Usam, estragam, deitam fora e exigem uma nova. Mais tarde, quando já não têm os pais a quem exigir, transferem essa exigência para o Governo, sem pensarem que o Governo só nos pode dar daquilo que nos vem buscar ao que já ganhamos. Criou-se uma cultura de exigir e de subsídios.

Como é pelo empenhamento pessoal e pela solidariedade que tudo se vai conseguindo e é nesta relação do dia a dia na família que construímos os laços afectivos que unem as gerações, eles, que cresceram sob o signo do egoísmo, são dos que acham que, quando os pais forem velhos, não estão para tratar deles e põem-nos num Lar de Idosos. É o produto do egoísmo em que cresceram.

Fiquei chocado quando, há dias, uma mãe que fez todos os sacrifícios para que a filha pudesse ir tirar um curso fora de Lisboa, porque não conseguiu entrar aqui, me dizia, a chorar, que ela lhe diz de caras que a põe num Lar quando for velha, porque não tem paciência nem tempo para cuidar dela.

A médica dentista, de origem polaca, dizia que na terra dela não se fala em Lares de idosos.

Os mais velhos não são ex-cluídos da família E estava muito escandalizada porque um casal amigo deles, que vive em Lisboa, numa casa muito grande, pôs os pais num lar, apesar de ter metade da casa vazia.

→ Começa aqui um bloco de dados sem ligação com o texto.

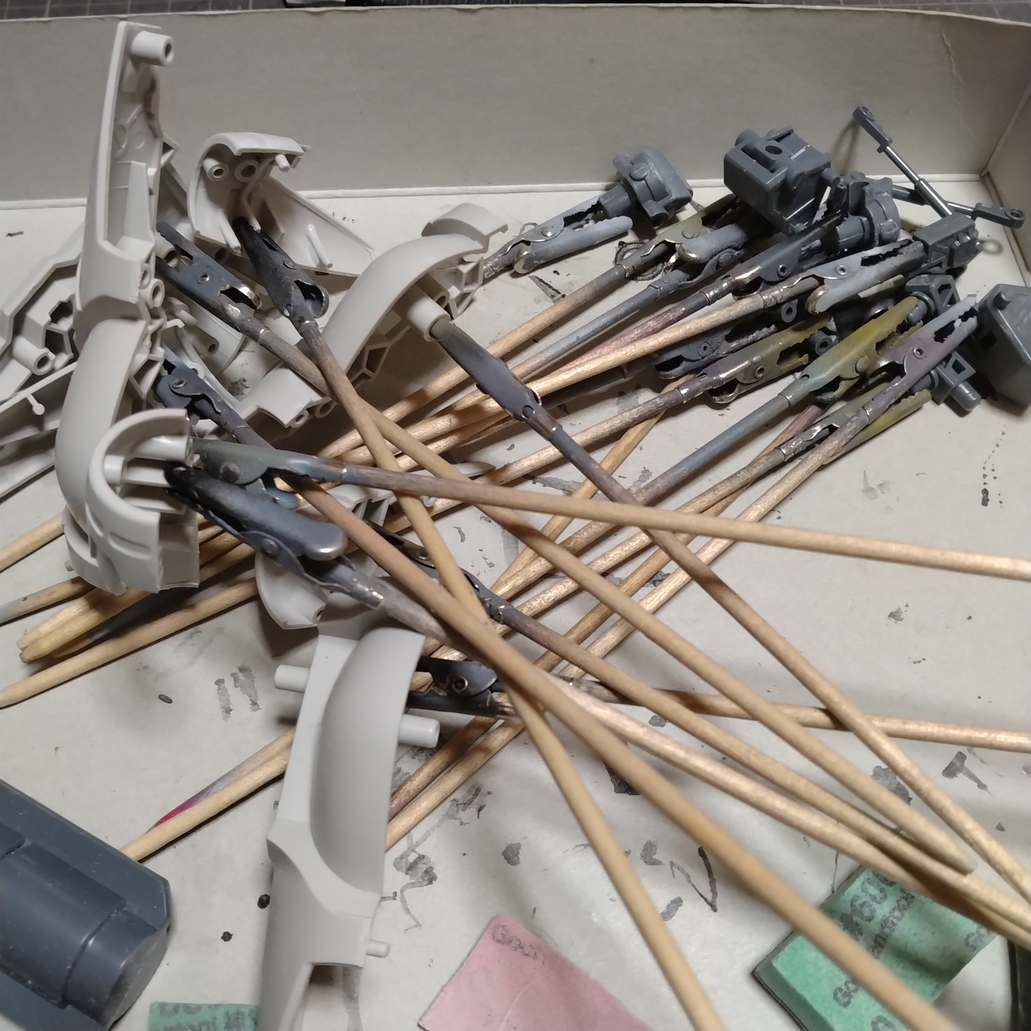 かなり待ってましたが、結局は夕方に溶剤が来ました!😅なんで待ってる時に限って来るの遅いんですかね?😄で、まとめて塗装やって行きたいところですが、バインダー内部のパーツの合わせ目処理も終わってるので一旦はバインダーの合わせ目関連のみやって行こうと思います!😄と、言うのもスジ彫りを入れようと思ってるので他のパーツはまだ塗装すべきでは無いと思うからです!😄昨日ちょっと外で歩行の練習を頑張りすぎて今日はめっちゃ疲れてほとんど横になってまして😄😄調子が戻ったらこのバインダーの作業に入ろうと思います!😀取り分けストーリーをアップし始めているので経過は上げないとダメだなと思いありのままの状況をアップです!😄

Que não estavam para tomar conta deles.

Mas, o problema não é só em Lisboa, embora aqui talvez seja mais acentuado por causa da sobrepopulação e da perda de raízes afectivas e de valores dos que para cá emigraram e dos que crescem sozinhos, com os pais ausentes o dia todo.

Passando pelo interior, reparei que era lugar comum por essas terras fora ver três tipos de anúncios: campos de jogos, discotecas e Lares de idosos.

A diversão e o prazer e a ausência egoísta de solidariedade para com os mais velhos de quem receberam na vida.

Nesta onda de egoísmo social, o negócio dos Lares de idosos vai crescendo.

Todos sabem que, desde que o idoso é despejado no Lar, sente que lhe morrem os laços afectivos com a família, perde a alegria de viver, entra em depressão, diminuem as defesas do organismo e sobrevêm mais facilmente as doenças, espera tristemente: que venha depressa o dia da morte porque deixou de ter razões afectivas para viver.

Os Lares de idosos, para além de representarem a quebra de afecto e solidariedade filial, são uma espécie de depósito de sucata humana, à margem dos que podem continuar a gozar a vida para que os não estorvem.

Um triste sintoma cultural e social, que envolve muitas vertentes pessoais e sociais.

É urgente repensar a sociedade.
Ninguém pode acudir a esta crise de valores que varre a nossa sociedade a não ser nós, cada um de nós, todos nós, criando uma consciência colectiva de que é preciso humanizar a sociedade e as suas condições de vida. É preciso fazê-lo. É urgente fazê-lo. Se não, todos pagaremos por isso.